This is the story of Nancy Jones, country singer
The Story Of Nancy Jones
Chapter 1
My mama gave birth to me on July 11, 1970. We were dirt poor, and Papa could hardly pay our bills.
When I was born, I was the fifth and youngest child. I had a big brother who was 17. His name was Matthew, and he was always a kind soul to me throughout my life.
Next in the line was Kylie, who was 12. She was often acting like the good little child, always helping Mama.
Then came William, who was 9. He was the tough one, always wanting to be like Matthew and Papa.

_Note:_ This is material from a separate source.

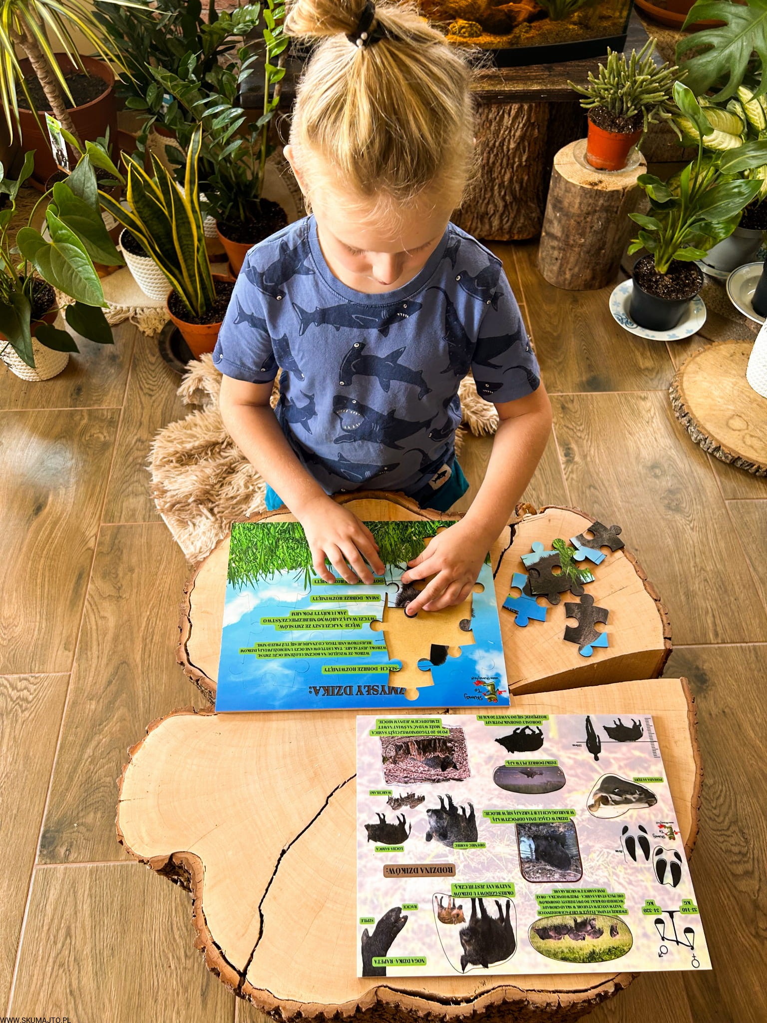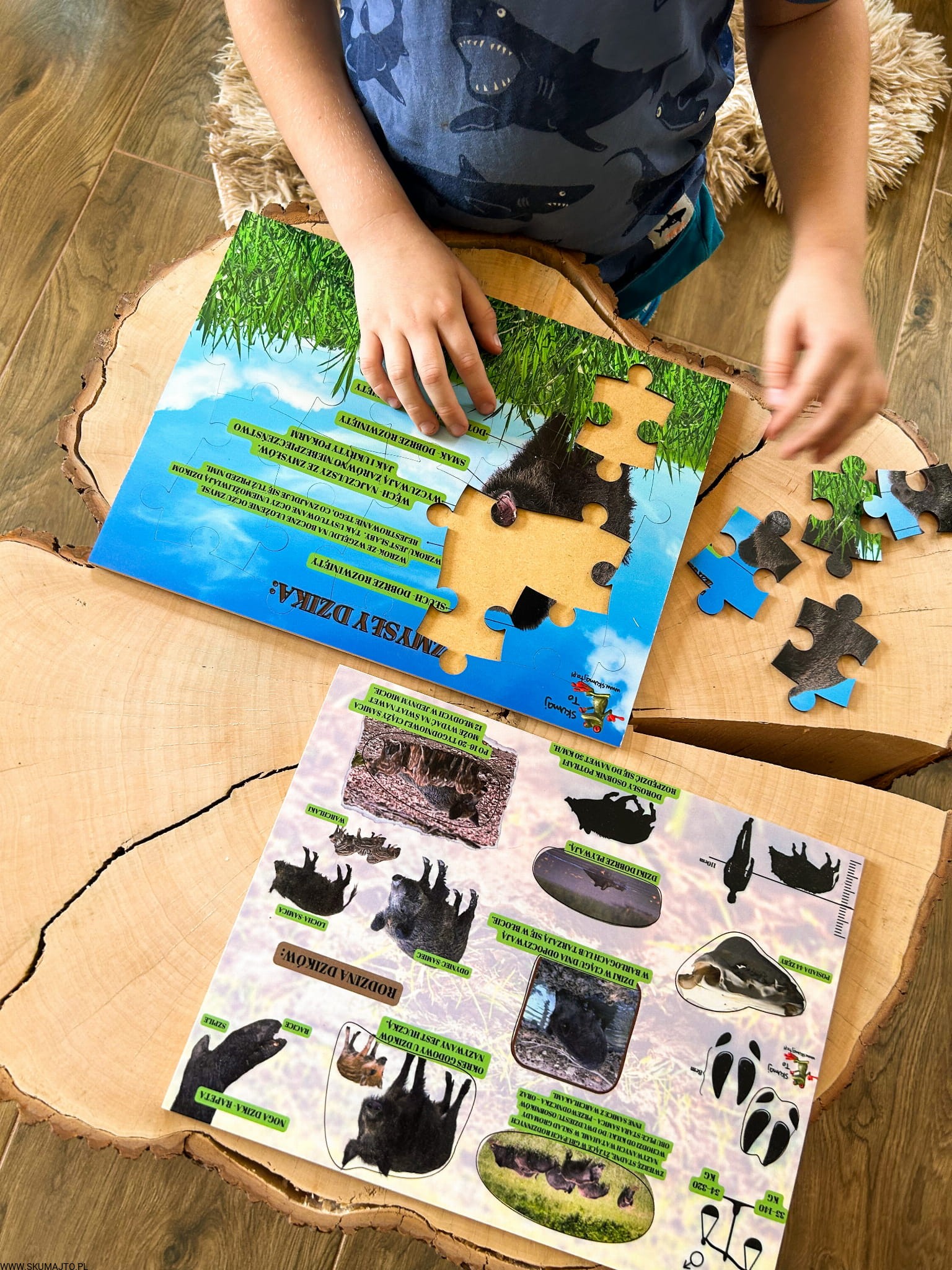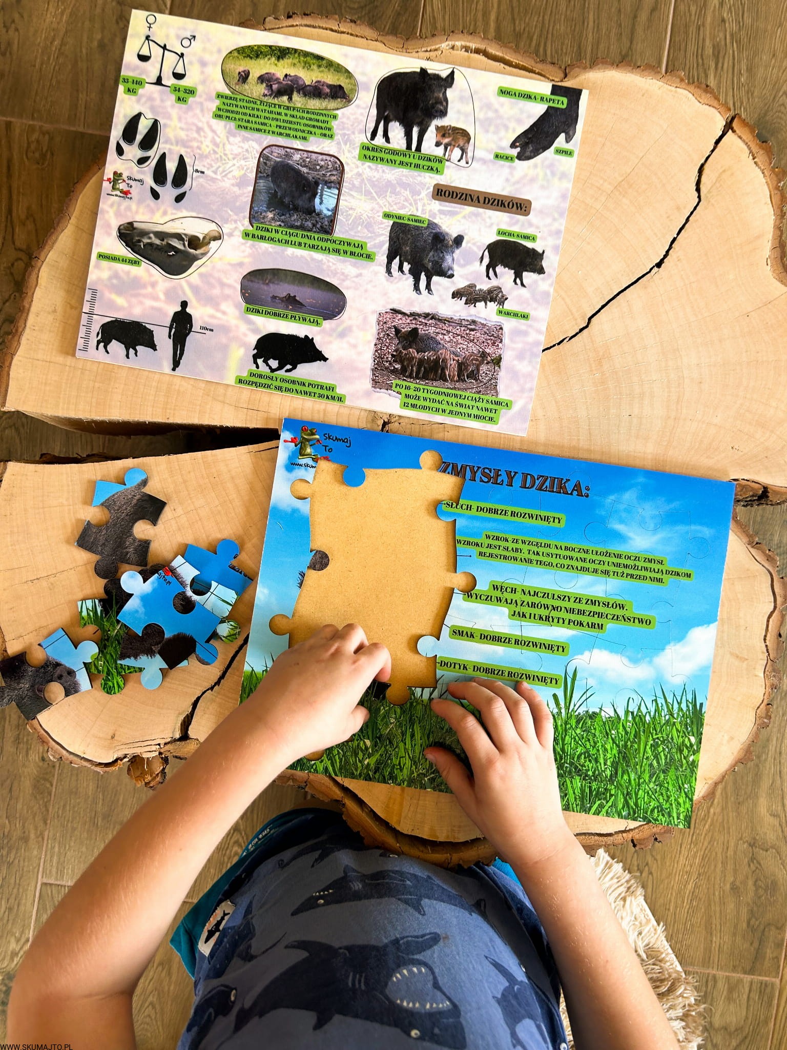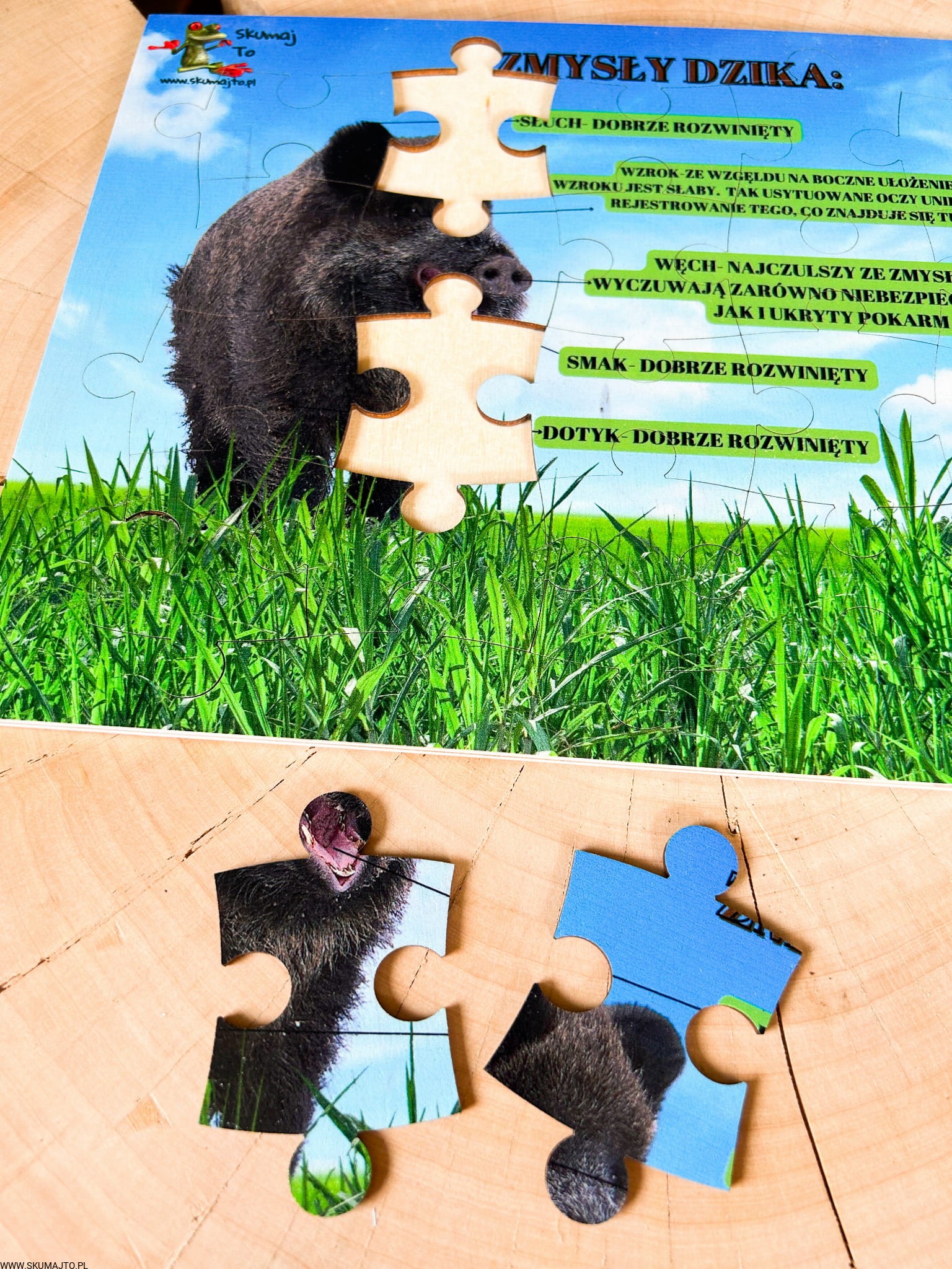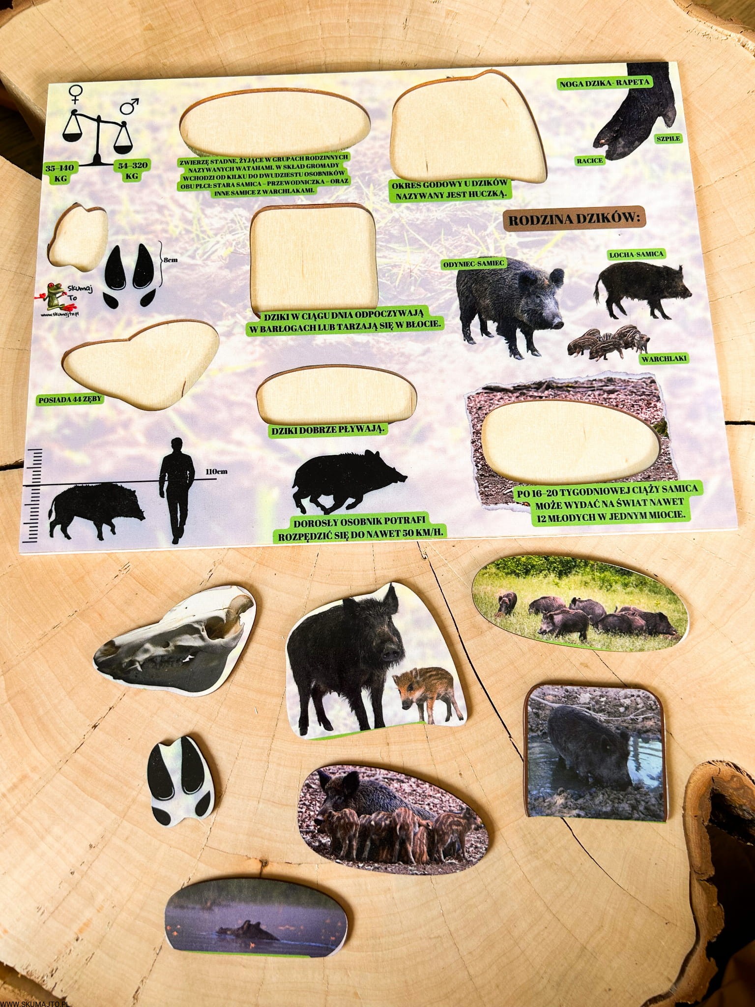 Świat dzika, układanka drewniana, edukacja leśna, ciekawostki o dzikach

Then the last before I came along, was 4 year old Nicole. She was the only blond one in the family, and she was always very small and delicate.
The first year of my life, I was always outside, playing with groundhogs and small animals. My Mama was worried I would get hurt by one of the creatures, me being so small and not knowing much. But they never laid a tooth on me and that was how I liked it.
We lived in barely a house, more of a mouse-infested shack.
It was so small, that Papa used to sleep outside, usually with William.
Some fall nights it was chilly, and raining. Then Mama would insist William (Or Will, as he was called,) come inside, and that Papa was fine by himself.
But as Kylie tells me now, Papa would often come back inside sick and soaked. Those nights I don’t think he slept very well.
One day in summer when I was about two years old, Nicole and I were feeding chickens.
I threw some corn to a chicken we all called ‘Little Chick.’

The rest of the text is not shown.